Kind of going back to your WWF career... I know you have been asked about the Booker T match a lot so I'm not going to ask it, but do you think that if someone else was chosen to face Booker T that night that things would have still ended up where it was because of how mismanaged the angle was?
"Every time I get asked this question, because like you said, I've been asked it about a million times. My answer is always this: Why do the invasion of two billion dollar companies in Tacoma, Washington when in seven days you are going to be in the Georgia Dome and you put Buff Bagwell and Booker T in it in Takoma, Washington and we got booed out of the building. I'm telling you, my heart and my soul tells me they knew in Tacoma that WCW wasn't going to be around, and this happened to fall on, which happened to be a bad match. Whatever it was, let me know what I was doing wrong so I can fix it, but they never told me what I did wrong, so that is what stings me."
When I look back at WWE owning WCW and ECW, and really what we got out of it was some cool DVD's and that's about it.
"It was too much fun to get only that much out of it. It was so wonderful. I'm at a nightclub, and I'd be on TV. If you asked a guy what his dream would be, he would say that I want to be sitting at a bar, and I want to be on TV at the same time. I mean, that would be one of his dreams, and that was happening to me. I would say, are you kidding me? That is unbelievable. The manager of the bar would fill me with these other girls at the gentleman's club, where by the time my group came in, there wouldn't be any of the girls left for my guys. The memory I just told you was a wonderful memory which I would never forget. I have no regrets."
That was one of the things I was going to ask you. You're retiring this coming year. Looking back in your career, what would you say was your highest high and lowest low on TV?
"The highest high was definitely the nWo, that is when everything picked up, which is when it all picked up.

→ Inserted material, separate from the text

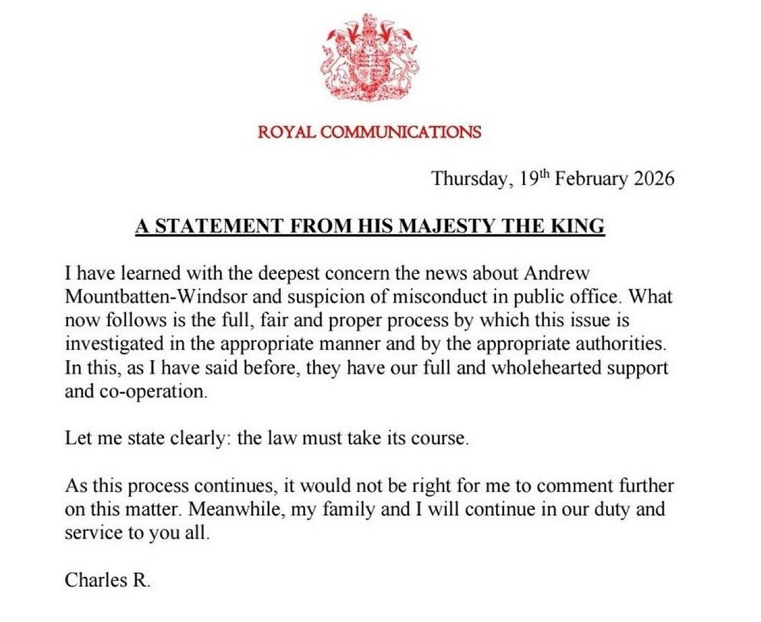 Tuyên bố duy nhất của nhà vua là sự xác nhận công khai về một sự chuyển giao quyền lực riêng tư — ông ta không gọi em trai mình là người thân mà gọi là “Andrew Mountbatten-Windsor”, tuyên bố “luật pháp phải được thực thi”, và ký tên là “Charles R.” — không phải là bệ hạ — thậm chí không phải là Quốc vương. “Gia đình hoàng gia sẽ không bị bắt nếu nhà vua không muốn họ bị bắt”, Shalev nói. “Ông ấy đã để chuyện này xảy ra.” William và Kate đang xây dựng lại chế độ quân chủ bằng cách đốt cháy những phần tồi tệ nhất của nó — và ngọn lửa đó giờ đây có thể nhìn thấy từ Washington.

That was definitely the highest of the highs.
"The lowest of the lows was something you can't help, and something you live by, which is timing. It was when Vince bought the company and my contract completely fell into a situation that nobody wants to walk in the door of competition and shake their hands, that is what we had to do. I was young enough. I was only 30 so I was thinking that I was going to see my buddies. I'm smiling and seeing Steve Austin, saying hi to everyone. Suddenly everyone's arms are crossed, nobody is smiling, and I'm thinking, 'oh boy, this is big time.' Being first, I learned pretty quick that being first was not where you wanted to be. I learned that Booker T leaving too soon gave him heat. He missed Austin with the table. DDP did something wrong to somebody, and then somehow I got fired. I thought, wait a minute, I had a mediocre match in front of a crowd that I never even wrestled before in 11 years, and next week we're going to the Georgia Dome, let's like act like it's not going to happen, but it is. Why can't you wait 7 days in Georgia in front of 80,000 screaming fans with Booker T and Buff Bagwell signs? It really made no sense.

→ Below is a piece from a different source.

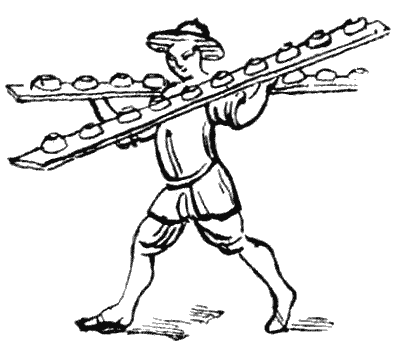 Вдруг толпа расступилась, и стало тише. Прохожие отошли в стороны. Появился рабочий с двумя длинными досками на плечах. На узких досках лежали в ряд белые матовые чашки донышками кверху. Это токарь нес свой хрупкий товар в обжигательную печь. Все давали ему дорогу, зная, что если хоть одна чашка разобьется, ему придется платить за нее хозяину. Он шел, легко ступая ногами в соломенных сандалиях и чуть-чуть покачиваясь на ходу.

"That is why... me and Booker were talking about it, like, what do you say? He and I were just trying to keep our jobs. Our contracts just happened to fall in bad spots, which put us in these negotiations, figuring out contract strategies again, so it was a lot, to get fired. I just kept thinking why they went through all that trouble with my contract only to fire me after two weeks? I really believe with all my heart that he was going to do it anyway, because how do you get rid of me so quickly after Booker and I have had around 1,000+ matches over the years, it was just ridiculous. We'll never really know the answer."